The goat milk was good—Enyart bought some on the spot and started using it at the restaurant. But what really interested Enyart was something more substantial. He pointed to the Kilguses’ pet goat.

“We’re looking for that,” he said.

The Kilgus boys, Justin and Trent, overheard this and snickered. The thought of selling the actual goats had never occurred to them. Who would ever want them? And the thought of actually eating the things was laughable to them.

Three years later, the boys don’t find the goat business so funny. After agreeing to raise some goats for Enyart, the brothers realized there was a market for the stuff. And though at the time Justin was only 15, and Trent was all of 12, they applied for and received a Frontera Foundation grant. With that start-up money, they started Pleasant Meadows Farms, currently the goat supplier du jour for Chicago chefs.

The boys were no strangers to farming, of course. Growing up in Fairbury on a third-generation farm, they couldn’t avoid it. More to the point, they’ve never had any inclination to even try to avoid it. “We developed the goat business to find a way to come back to the farm,” Justin says. (His parents’ dairy operation isn’t big enough to employ the brothers full time.) “I guess we just take to farm life.”

Now 18, Justin finished his last semester of high school in December, and the afternoon we spoke he was talking on a cell phone from the farm; in the background I could hear the constant, unmistakable whine of goats. In theory, his time at home frees him up to do all the chores associated with running his goat business. But he’s happy to leave that to Trent, now 15, for whom school apparently does not act as a deterrent to running a business. Trent checks on the goats before classes start. Then he rushes back home from school to check on them again.

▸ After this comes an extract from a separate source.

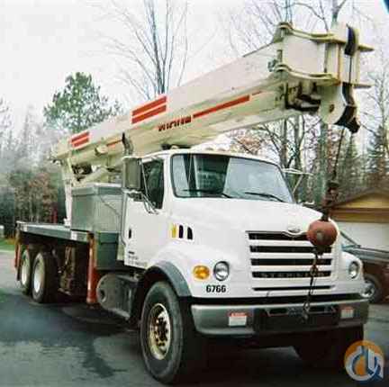 2003 TEREX Model RS-60100 30 ton rear mounted telescopic crane with riding seat controls and homemade crane cab with propane heater, 165 ft. maximum tip height with 55 ft. two stage jib. 100 - 110 ft. fully powered, four section proportional boom. Two-speed winch. Electronic load moment indicator (LMI computer). Anti two-block device keeps hook from being sucked up into sheave. Main and auxiliary hydraulic out & down outriggers, one tool box, 4 part line block and more. Crane is mounted on 2003 Sterling LT7501 Chassis with ~20,000 original miles. Only a change in career makes this unit available. Seller has owned crane since new.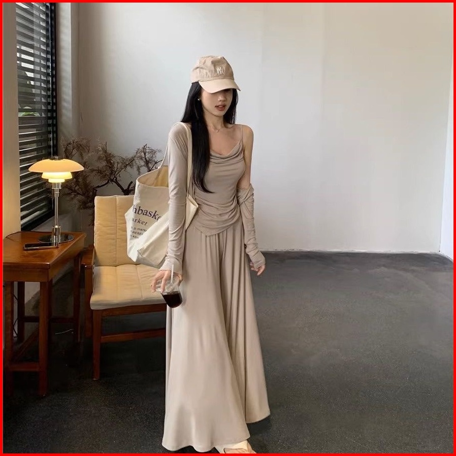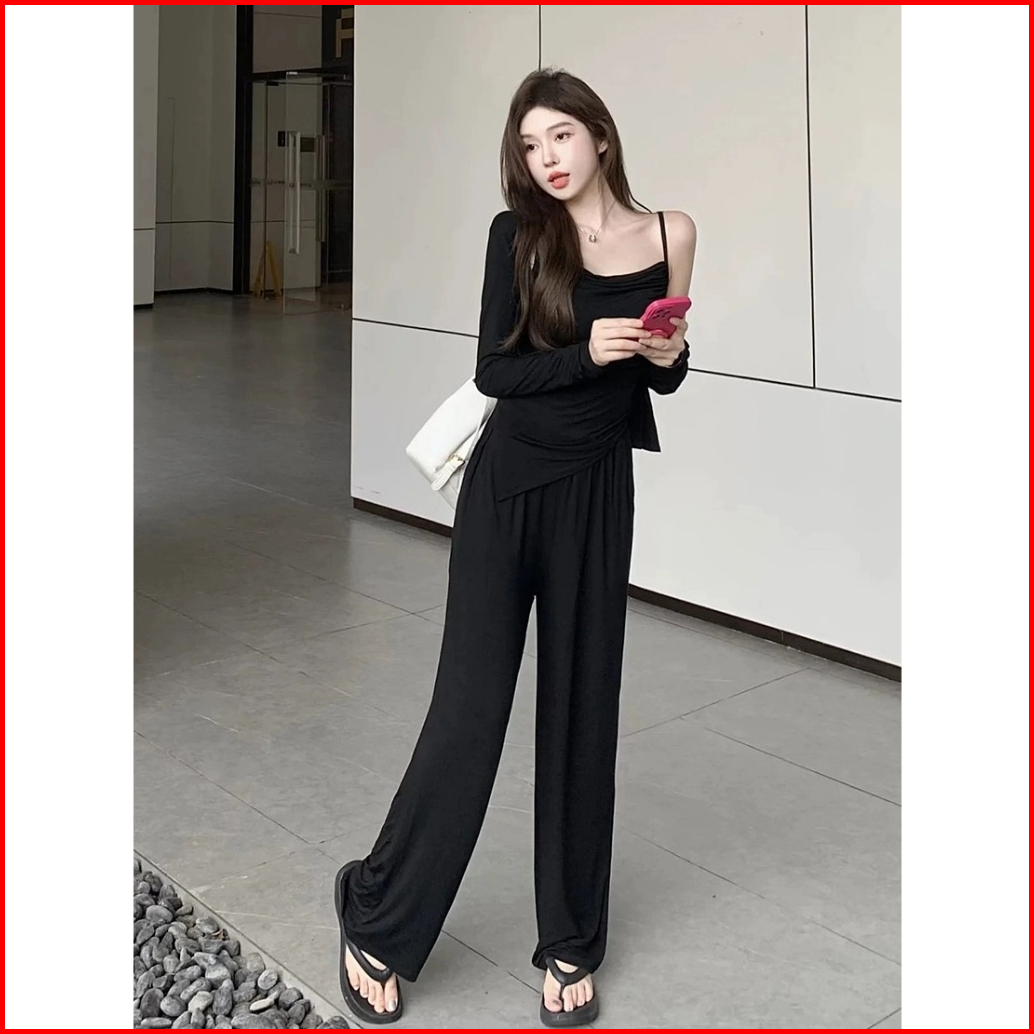 Set Tiga Potong Wanita Strecth Kasual Suspender Lengan Panjang

Freed from those duties, Justin’s goal is to market the product. But the truth is the product has done a pretty good job of marketing itself. Before Pleasant Meadows, a lot of goat available to Chicago chefs was from out of state, which meant it was older by the time chefs got their hands on it. A Pleasant Meadows goat, on the other hand, is delivered to restaurants like Naha, Vie and Carnivale just two days after it’s slaughtered. It also happens to have a great story behind it. The goat has “roots in our community,” Enyart says. “It’s a story we as cooks and chefs can connect to.”

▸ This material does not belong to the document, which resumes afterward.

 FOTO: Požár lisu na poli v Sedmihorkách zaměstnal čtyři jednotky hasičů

It helps that the goat also tastes good. Since starting their business, Justin and Trent have come to know what good goat tastes like (they’re particularly fond of Enyart’s barbacoa), and they create highly controlled conditions to ensure their goats are flavorful. They decided to raise only Boer goats, an heirloom variety known for the fine meat they produce. They breed all their goats themselves, and they raise the goats strictly on pasture, where the animals eat nothing but grass from spring through fall, and then the family’s homegrown hay in the winter. The one exception to this is the kids—the baby goats—which are fed only their own mother’s milk before being slaughtered and sold as sucklings.

Those kids make up half the brothers’ business, mostly thanks to the Bristol and Topolobampo, the boys’ biggest clients. Asked if it ever gets difficult to see so many cute baby goats go to slaughter, Justin doesn’t show a lot of emotion. “Goats can be ornery,” he says dismissively. “Some of them don’t want anything to do with you.” But he isn’t a heartless, grown-up businessman just yet: He admits that he keeps the gentler goats—the females—on the farm for breeding purposes. And the pet goat that started it all? It never entered the business.